Clusters also have their own level2 caches.

In this case, you will still save power if you try to pack
load on one cluster. No ?

yes, I need to update the description of SD_SHARE_POWERLINE because
I'm afraid I was not clear enough. SD_SHARE_POWERLINE includes the
power gating capacity of each core. For your example above, the
SD_SHARE_POWERLINE shoud be cleared at both MC and CPU level.

Thanks for clarification.



+void update_packing_domain(int cpu)
+{
+ struct sched_domain *sd;
+ int id = -1;
+
+ sd = highest_flag_domain(cpu, SD_SHARE_POWERLINE);
+ if (!sd)
+ sd = rcu_dereference_check_sched_domain(cpu_rq(cpu)->sd);
+ else
+ sd = sd->parent;
+
+ while (sd) {
+ struct sched_group *sg = sd->groups;
+ struct sched_group *pack = sg;
+ struct sched_group *tmp = sg->next;
+
+ /* 1st CPU of the sched domain is a good candidate */
+ if (id == -1)
+ id = cpumask_first(sched_domain_span(sd));
+
+ /* loop the sched groups to find the best one */
+ while (tmp != sg) {
+ if (tmp->sgp->power * sg->group_weight <
+ sg->sgp->power *
tmp->group_weight)
+ pack = tmp;
+ tmp = tmp->next;
+ }
+
+ /* we have found a better group */
+ if (pack != sg)
+ id = cpumask_first(sched_group_cpus(pack));
+
+ /* Look for another CPU than itself */
+ if ((id != cpu)
+ || ((sd->parent) && !(sd->parent->flags &&
SD_LOAD_BALANCE)))

Is the condition "!(sd->parent->flags && SD_LOAD_BALANCE)" for
big.LITTLE kind of system where SD_LOAD_BALANCE may not be used ?

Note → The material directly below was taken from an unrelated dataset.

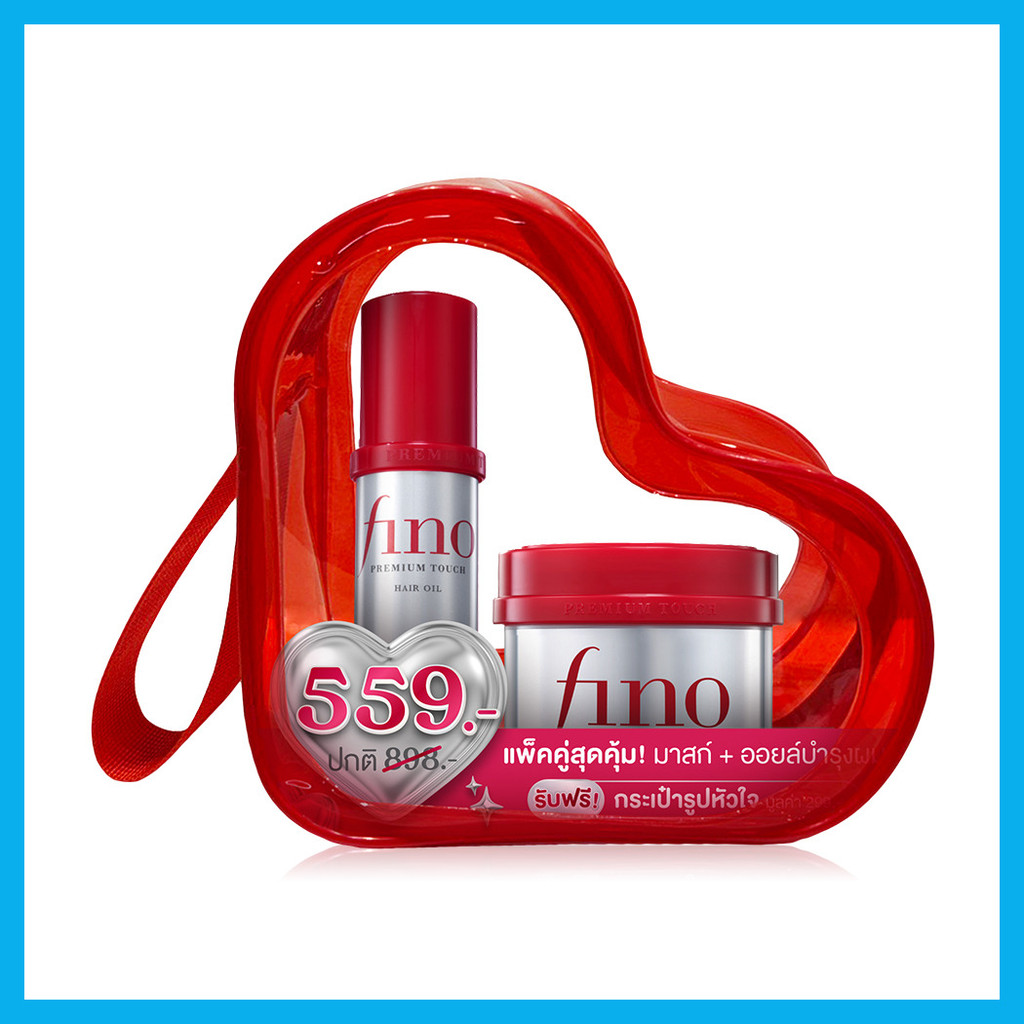 FINO Heart Bag Premium Touch Hair Mask 230g + Hair Oil Free 70ml เซทมาสก์และออยล์บำรุงผม ฟีโน่ ช่วยฟื้นบำรุงผมเสีย.

No, packing small tasks is part of the load balance so if the
LOAD_BALANCE flag is cleared, we will not try to pack which is a kind
of load balance. There is no link with big.LITTLE

Now it make sense to me.



+ break;
+
+ sd = sd->parent;
+ }
+
+ pr_info(KERN_INFO "CPU%d packing on CPU%d\n", cpu, id);
+ per_cpu(sd_pack_buddy, cpu) = id;
+}
+
#if BITS_PER_LONG == 32
# define WMULT_CONST (~0UL)
#else
@@ -3073,6 +3130,55 @@ static int select_idle_sibling(struct task_struct
*p, int target)
return target;
}

+static inline bool is_buddy_busy(int cpu)
+{
+ struct rq *rq = cpu_rq(cpu);
+
+ /*
+ * A busy buddy is a CPU with a high load or a small load with a
lot of
+ * running tasks.
+ */
+ return ((rq->avg.usage_avg_sum << rq->nr_running) >
+ rq->avg.runnable_avg_period);

I agree busy CPU is the one with high load, but many small threads may
not make CPU fully busy, right ? Should we just stick to the load
parameter alone here ?

IMO, the busy state of a CPU isn't only the load but also how many
threads are waiting for running on it. This formula tries to take into
account both inputs. If you have dozen of small tasks on a CPU, the
latency can be large even if the tasks are small.

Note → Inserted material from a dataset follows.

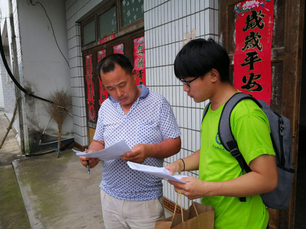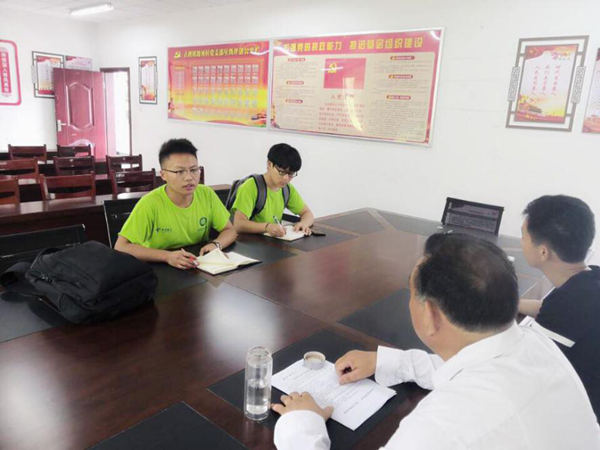 7月8日,实践团的第一站来到了古碑镇迎河村。队员们兵分两路,一队向村民们发放问卷和环保宣传单,另一队对迎河村主任进行了采访。在走访村民时队员们发现,村民家中农具摆放都十分有序,没有出现农具在门口乱摆乱放的情况。村主任向队员们介绍说:“迎河村有专门的承包公司对居民生活垃圾进行定时处理,同时聘用贫困户做保洁员,专门进行街道的打扫”。另外在采访中还了解到,迎河村厕所现在已经实现了一户一个,清除了原有的露天厕和旱厕,每户厕所都建设在院内,极大地优化了农村居住环境。采访结束时,村主任深情地说到:“美丽乡村不是靠一个人或是哪几个人,而是依靠大家的力量。”

Sure. Your point is to avoid throttling and probably use race for
idle.



+}
+
+static inline bool is_light_task(struct task_struct *p)
+{
+ /* A light task runs less than 25% in average */
+ return ((p->se.avg.usage_avg_sum << 2) <
p->se.avg.runnable_avg_period);
+}

Since the whole packing logic relies on the light threads only, the
overall effectiveness is not significant. Infact with multiple tries on
Dual core system, I didn't see any major improvement in power. I think
we need to be more aggressive here. From the cover letter, I noticed
that, you were concerned about any performance drop due to packing and
may be that is the reason you chose the conservative threshold. But the
fact is, if we want to save meaningful power, there will be slight
performance drop which is expected.

I think that everybody agrees that packing small tasks will save power
whereas it seems to be not so obvious for heavy task. But I may have
set the threshold a bit too low

I agree on packing saves power part for sure.

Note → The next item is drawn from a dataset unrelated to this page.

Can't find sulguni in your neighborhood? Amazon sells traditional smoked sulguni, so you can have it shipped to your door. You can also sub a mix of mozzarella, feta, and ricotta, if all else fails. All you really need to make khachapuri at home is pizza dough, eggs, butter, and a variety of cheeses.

Up to which load, you would like to pack on 1 core of your dual core system ?
Can you provide more details of your load ? Have you got a trace that
you can share ?

More than how much load to pack, I was more looking from the power
savings delta we can achieve by doing it. Some of the usecases like
osidle, mp3, gallary are already very low power and that might be
the reason I didn't notice major mA delta. Though the perf
traces did show some filtering even at 25 % load. i tried upto
50 % threshold to see the effectiveness and there was more
improvement and hence the suggestion about aggressiveness.

May be you can try some of these use-cases on your setup instead of
synthetic workload and see the results.